第24話 告白

 不敵な笑みを浮かべながら、サクラコの目をじっと見つめるクラン。


「けれども、ここはどうかお見逃し下さい。お願いです。どうか、どうか……」


 じわっと涙を浮かべ、縋るような目でサクラコに懇願する。


 じつはクラン。サクラコが彼女の回答を待っている間、魔力循環を高めてスキル「誘惑」を発動していた。

 カレンの護衛騎士ウィリアム・スナイダーにもこのスキルを使用した。「誘惑」で彼を唆し、カレン襲撃を手引きさせたのである。
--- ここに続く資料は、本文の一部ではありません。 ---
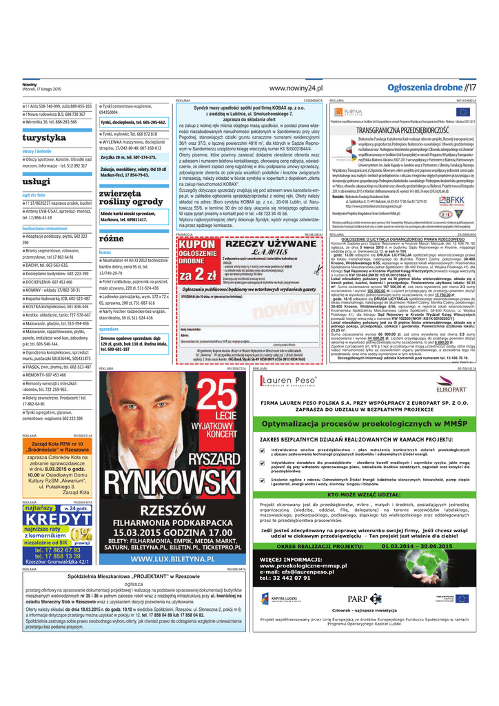 Nowiny Wtorek, 17 lutego 2015 Ogłoszenia drobne //17 www.nowiny24.pl REKLAMA A ! ! Ania 538-740-999, Julia 889-855-263 A Tynki cementowo-wapienne, A ! Nowa rudowłosa B.5; 608 730 367 694350004 A Weronika 30, tel. 888-283-566 Tynki, docieplenia, tel. 605-205-662. A Tynki, wylewki; Tel. 660 972 818 turystyka A WYLEWKA maszynowo, docieplanie stropów, 17/242-80-48; 607-160-013 obozy i kolonie A Obozy sportowe. Kolonie. Ośrodki nad morzem. Informacje - tel. 512 092 317 Zwyżka 20 m, tel. 507-174-375. Żaluzje, moskitiery, rolety. Od 19 zł! Markus-Texi, 17 854-79-63. usługi agd rtv foto A ! ! 17/8626237 naprawa pralek, kuchni A Anteny DVB-T/SAT, sprzedaż- montaż, tel. 17/856-43-19 zwierzęta rośliny ogrody Młode kurki nioski sprzedam, Markowa, tel. 609811417. budowlano-remontowe A Adaptacje poddaszy, płytki, 602 223 390 różne A Bramy segmentowe, rolowane, przemysłowe, tel.17 862 64 81 lamus A DACHY, tel. 663-563-635. bardzo dobry, cena 95 zł, tel. 17/740-20-70 A DOCIEPLENIA- 607 453 466 A Fotel rozkładany, pojemnik na pościel, A Koparko-ładowarką JCB, 602-523-487 A KOSTKA kompleksowo, 601-836-446 A Kostka- układanie, tanio; 727-570-667 Syndyk masy upadłości spółki pod firmą KOBAX sp. z o.o. z siedzibą w Lublinie, ul. Smoluchowskiego 7, zaprasza do składania ofert na zakup z wolnej ręki mienia objętego masą upadłości, w postaci prawa własności niezabudowanych nieruchomości położonych w Sandomierzu przy ulicy Pogodnej, stanowiących działki gruntu oznaczone numerami ewidencyjnymi 36/1 oraz 37/3, o łącznej powierzchni 4810 m2, dla których w Sądzie Rejonowym w Sandomierzu urządzono księgę wieczystą numer KII S/00021844/4. Oferty pisemne, które powinny zawierać dokładne określenie oferenta wraz z adresem i numerem telefonu kontaktowego, oferowaną cenę nabycia, oświadczenie, że oferent zapłaci cenę najpóźniej w dniu podpisania umowy sprzedaży, zobowiązanie oferenta do pokrycia wszelkich podatków i kosztów związanych z transakcją, należy składać w biurze syndyka w kopertach z dopiskiem „oferta na zakup nieruchomości KOBAX”. Szczegóły dotyczące sprzedaży znajdują się pod adresem www.kancelaria-empe.pl, w zakładce ogłoszenia sprzedaży/sprzedaż z wolnej ręki. Oferty należy składać na adres: Biuro syndyka KOBAX sp. z o.o., 20-016 Lublin, ul. Narutowicza 55/6, w terminie 30 dni od daty ukazania się niniejszego ogłoszenia. W razie pytań prosimy o kontakt pod nr tel. +48 723 34 45 56. Wyboru najkorzystniejszej oferty dokonuje Syndyk; wybór wymaga zatwierdzenia przez sędziego komisarza. PROMOCJA R014010616J mało używany, 220 zł, 511-524-436 A Lodówko-zamrażarka, wym. 172 x 72 x 65, sprawna, 200 zł, 731-087-616 A Narty Fischer radzieckie bez wiązań, stan idealny, 50 zł, 511-524-436 A Malowanie, gładzie, tel. 515-594-456 A Malowanie, szpachlowanie, płytki, panele, instalacje wod-kan, zabudowy g-k; tel. 605-540-344. A Ogrodzenia kompleksowo, sprzedaż: murki, pustaczki 601836446, 505431875 REKLAMA W014106821A 1SPKFLUKFTUXTQ®ÒGJOBOTPXBOZ[FÊSPEL®X6OJJ&VSPQFKTLJFKXSBNBDI1SPHSBNV8TQ®ÒQSBDZ5SBOTHSBOJD[OFK1PMTLB#JBÒPSVÊ6LSBJOB 53"/4(3"/*$;/"13;&%4*Ù#*03$;0ÇØ #JBÒPTUPDLB'VOEBDKB,T[UBÒDFOJB,BESSFBMJ[VKFPCFDOJFQSPKFLUb3P[X®KUSBOTHSBOJD[OFK XTQ®ÒQSBDZHPTQPEBSD[FK1PESFHJPOVCJBÒPTUPDLPTVXBMTLJFHPJ0CXPEVHSPE[JFâTLJFHP OB#JBÒPSVTJPSB[1PESFHJPOVLSPÊOJFâTLPQS[FNZTLJFHPJ0CXPEV[BLBSQBDLJFHPOB6LSBJOJFl XTQ®ÒGJOBOTPXBOZ[FÊSPEL®X6OJJ&VSPQFKTLJFKXSBNBDI1SPHSBNV8TQ®ÒQSBDZ5SBOTHSBOJD[ OFK1PMTLB#JBÒPSVÊ6LSBJOBXFXTQ®ÒQSBDZ[1BSUOFSFN[#JBÒPSVTJ1BâTUXPXZN 6OJXFSTZUFUFNJN+BOLJ,VQBÒZX(SPEOJFPSB[[1BSUOFSFN[6LSBJOZ'VOEBDKÓ3P[XPKV 8TQ®ÒQSBDZ5SBOTHSBOJD[OFK[6×HPSPEV(Ò®XOZNDFMFNQSPKFLUVKFTUQPQSBXBXTQ®ÒQSBDZKFEOPTUFLTBNPS[ÓEV UFSZUPSJBMOFHPPSB[NBÒZDIJÊSFEOJDIQS[FETJàCJPSTUX[PCT[BSVSFHJPO®XPCKàUZDIQSPKFLUFNQS[ZD[ZOJBKÓDBTJà EPSP[XPKVTQPÒFD[OPHPTQPEBSD[FHP1PESFHJPOVCJBÒPTUPDLPTVXBMTLJFHPJ1PESFHJPOVLSPÊOJFâTLPQS[FNZTLJFHP X1PMTDFPCXPEV[BLBSQBDLJFHPOB6LSBJOJFPSB[PCXPEVHSPE[JFâTLJFHPOB#JBÒPSVTJ1SPKFLUUSXBPEMJTUPQBEB SEPLXJFUOJBS8BSUPÊßEPGJOBOTPXBOJB6&XZOPTJFVSP[Ò Kontakt: #JBÒPTUPDLB'VOEBDKB,T[UBÒDFOJB,BES VM4Q®ÒE[JFMD[B#JBÒZTUPLUFMGBY IUUQXXXQS[FETJFCJPSD[PTDUSBOTHSBOJD[OBQM ,PPSEZOBUPS1SPKFLUV.BHEBMFOB'JDOFSNGJDOFS!CGLLQM /JOJFKT[BQVCMJLBDKB[PTUBÒBTUXPS[POBQS[ZQPNPDZ6OJJ&VSPQFKTLJFK8ZÒÓD[OÓPEQPXJFE[JBMOPÊß[B[BXBSUPÊßOJOJFKT[FKQVCMJLBDKJQPOPTJ #JBÒPTUPDLB'VOEBDKB,T[UBÒDFOJB,BESPSB[X×BEFOTQPT®COJFNP×FCZßPOBQPTUS[FHBOBKBLPPE[XJFSDJFEMFOJFQPHMÓE®X6OJJ&VSPQFKTLJFK REKLAMA Z015000185G OGŁOSZENIE O LICYTACJI OGRANICZONEGO PRAWA RZECZOWEGO Komornik Sądowy przy Sądzie Rejonowym w Krośnie Marcin Marczak (tel. 13 436 76 18) ogłasza, że dnia 3 marca 2015 r. w budynku Sądu Rejonowego w Krośnie, mającego siedzibę przy ul. Sienkiewicza 12, w sali nr 104 · godz. 13.00 odbędzie się DRUGA LICYTACJA spółdzielczego własnościowego prawa do lokalu mieszkalnego, należącego do dłużnika: Robert Czelny, położonego: 38-400 Krosno, Wróblewskiego 8/55, wpisanego w rejestrze lokali własnościowych: Krośnieńska Spółdzielnia Mieszkaniowa (adres Spółdzielni: 38-400 Krosno, ul. Wojska Polskiego 41), dla którego Sąd Rejonowy w Krośnie Wydział Ksiąg Wieczystych prowadzi księgę wieczystą o numerze KW 101464 [NKW: KS1K/00101464/1]. Lokal mieszkalny położony jest na III piętrze bloku wielorodzinnego, składa się z trzech pokoi, kuchni, łazienki i przedpokoju. Powierzchnia użytkowa lokalu: 55,15 m2. Suma oszacowania wynosi 157 500,00 zł, zaś cena wywołania jest równa 2/3 sumy oszacowania i wynosi 105 000,00 zł. Licytant przystępujący do przetargu powinien złożyć rękojmię w wysokości jednej dziesiątej sumy oszacowania, to jest 15 750,00 zł; · godz. 13.15 odbędzie się DRUGA LICYTACJA spółdzielczego własnościowego prawa do lokalu mieszkalnego, należącego do dłużników: Robert Czelny, Monika Czelny, położonego: 38-400 Krosno, Wróblewskiego 8/

 しかし、彼女のスキルがサクラコに通用することはない。

 現にサクラコは、


「……わたし、ナメられているのかしら?」


 と、平然とした顔をしている。そして、膝の上でまあるくなっている黒猫ルナを見た。


 事前に流れていたサクラコの悪評を真に受けたのだろう。クランはサクラコを過小評価していた。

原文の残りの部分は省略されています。